Work instruction » Take the material below and extract the lines from the one with "SUBARU PLEO PLUS - лот 833" through the one with "قال الصميري: ولو", word for word, without pictures.

Materials provided »

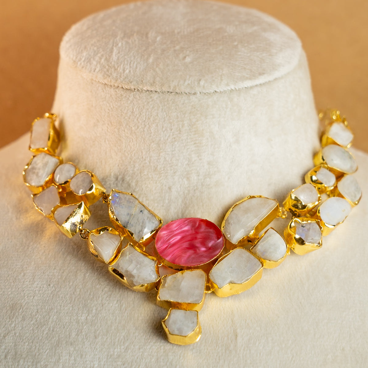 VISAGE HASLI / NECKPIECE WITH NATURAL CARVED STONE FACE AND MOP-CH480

==

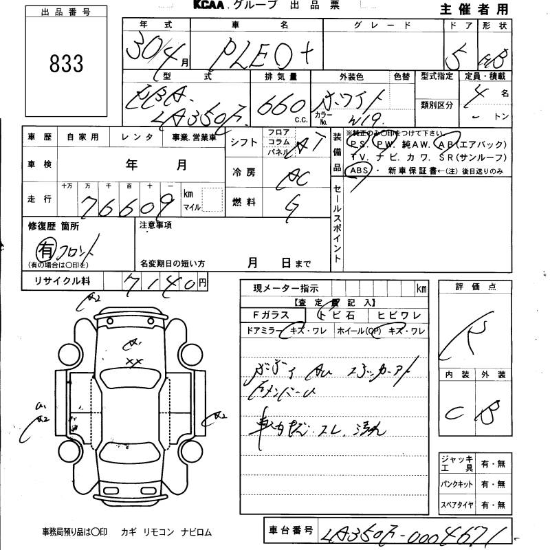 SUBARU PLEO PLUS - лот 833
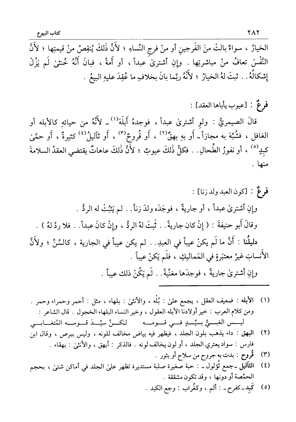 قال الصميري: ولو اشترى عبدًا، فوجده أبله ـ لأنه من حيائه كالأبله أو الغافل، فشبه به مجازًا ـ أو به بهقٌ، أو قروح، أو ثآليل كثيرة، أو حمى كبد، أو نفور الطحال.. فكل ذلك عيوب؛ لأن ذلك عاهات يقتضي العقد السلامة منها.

==

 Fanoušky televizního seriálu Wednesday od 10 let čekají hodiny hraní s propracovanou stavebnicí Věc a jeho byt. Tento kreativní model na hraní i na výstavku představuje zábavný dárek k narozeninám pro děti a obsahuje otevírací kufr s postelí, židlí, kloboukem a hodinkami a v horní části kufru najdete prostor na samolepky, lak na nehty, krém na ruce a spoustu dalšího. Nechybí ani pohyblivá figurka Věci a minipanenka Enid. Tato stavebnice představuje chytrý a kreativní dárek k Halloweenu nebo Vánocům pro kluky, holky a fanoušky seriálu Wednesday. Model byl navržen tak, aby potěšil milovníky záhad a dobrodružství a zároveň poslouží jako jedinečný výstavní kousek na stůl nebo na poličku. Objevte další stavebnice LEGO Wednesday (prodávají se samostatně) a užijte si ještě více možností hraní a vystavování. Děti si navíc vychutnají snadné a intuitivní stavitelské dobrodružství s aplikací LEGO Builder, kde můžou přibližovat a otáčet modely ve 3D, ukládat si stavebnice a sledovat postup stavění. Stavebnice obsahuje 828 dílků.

Result of this exercise »
 SUBARU PLEO PLUS - лот 833
 قال الصميري: ولو اشترى عبدًا، فوجده أبله ـ لأنه من حيائه كالأبله أو الغافل، فشبه به مجازًا ـ أو به بهقٌ، أو قروح، أو ثآليل كثيرة، أو حمى كبد، أو نفور الطحال.. فكل ذلك عيوب؛ لأن ذلك عاهات يقتضي العقد السلامة منها.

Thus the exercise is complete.